Stock Return
Total return incl. dividends
About This Calculator
The stock return calculator computes total return including both price appreciation and dividends reinvested. It distinguishes between simple price gain and total return, and annualizes results so you can compare investments of different holding periods on an equal footing.
Formula
Price Return = (End Price − Start Price) / Start Price × 100%
Total Return = (End Price + Dividends Received − Start Price) / Start Price × 100%
Annualized Return = (1 + Total Return/100)^(1/years) − 1
Example Calculation
Buy 100 shares at $40; sell at $55 after 3 years; received $180 in dividends
- Price gain = (55−40)×100 = $1,500
- Total gain = $1,500 + $180 = $1,680
- Total return = $1,680/$4,000 = 42%
- Annualized = (1.42)^(1/3) − 1 = 12.4%/year
Total return: 42%; Annualized: 12.4%/year
Effect of Reinvesting Dividends (20-year period, 3% dividend yield)
| Strategy | Start | End Value (7% price growth) | Annualized Return |
|---|---|---|---|
| Price only | $10,000 | $38,700 | 7.0% |
| Dividends reinvested | $10,000 | $57,300 | 9.2% |
| Difference | — | $18,600 | 2.2% extra/year |
Frequently Asked Questions
Why is total return more important than price return?
Many stocks pay dividends that represent a significant portion of return.
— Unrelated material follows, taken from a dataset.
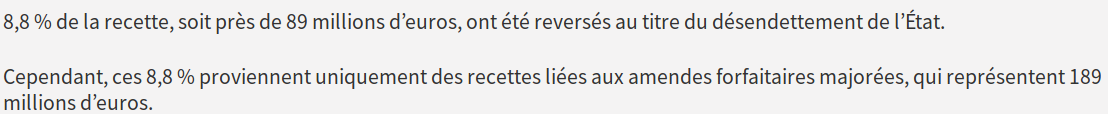 8.8% de toutes les amendes sont investis dans le désendettement, ce qui représente 20.9% des amendes collectées uniquement grace aux radars auto (j’ai pas fait le calcul mais ça semble vouloir dire que les 8.8% de désendettement ne viennent que des radars auto et pas des contrôles de police).
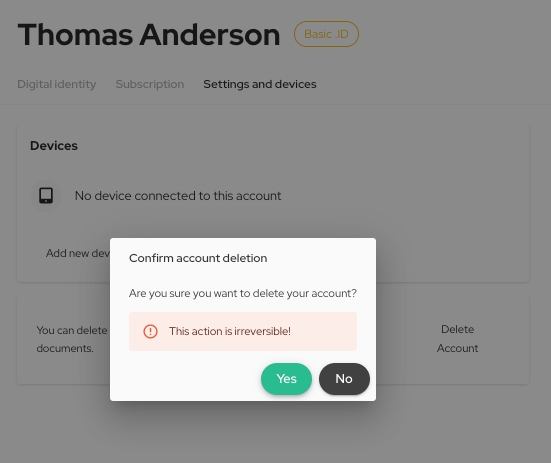 When you click on the Delete Account button, the confirmation popup is displayed. Click Yes on the confirmation popup to delete your account.

Ignoring dividends understates the true performance. Over 20 years, reinvested dividends can account for 40-50% of total stock market returns.
What is dividend reinvestment?
DRIP (Dividend Reinvestment Plan) automatically uses dividend payments to buy more shares instead of paying cash. This compounds returns — you earn dividends on a growing number of shares — and eliminates the temptation to spend payouts.
What is the difference between realized and unrealized return?
Unrealized return is a paper gain/loss while you still hold the shares. Realized return is what you actually received when you sold. Only realized gains are taxable in most jurisdictions (though there are exceptions for certain account types).
How do stock splits affect return calculations?
Stock splits don't change the actual value of your holding — they increase share count proportionally while reducing price. For example, a 2:1 split doubles your shares at half the price. Historical prices are adjusted to account for splits in return calculations.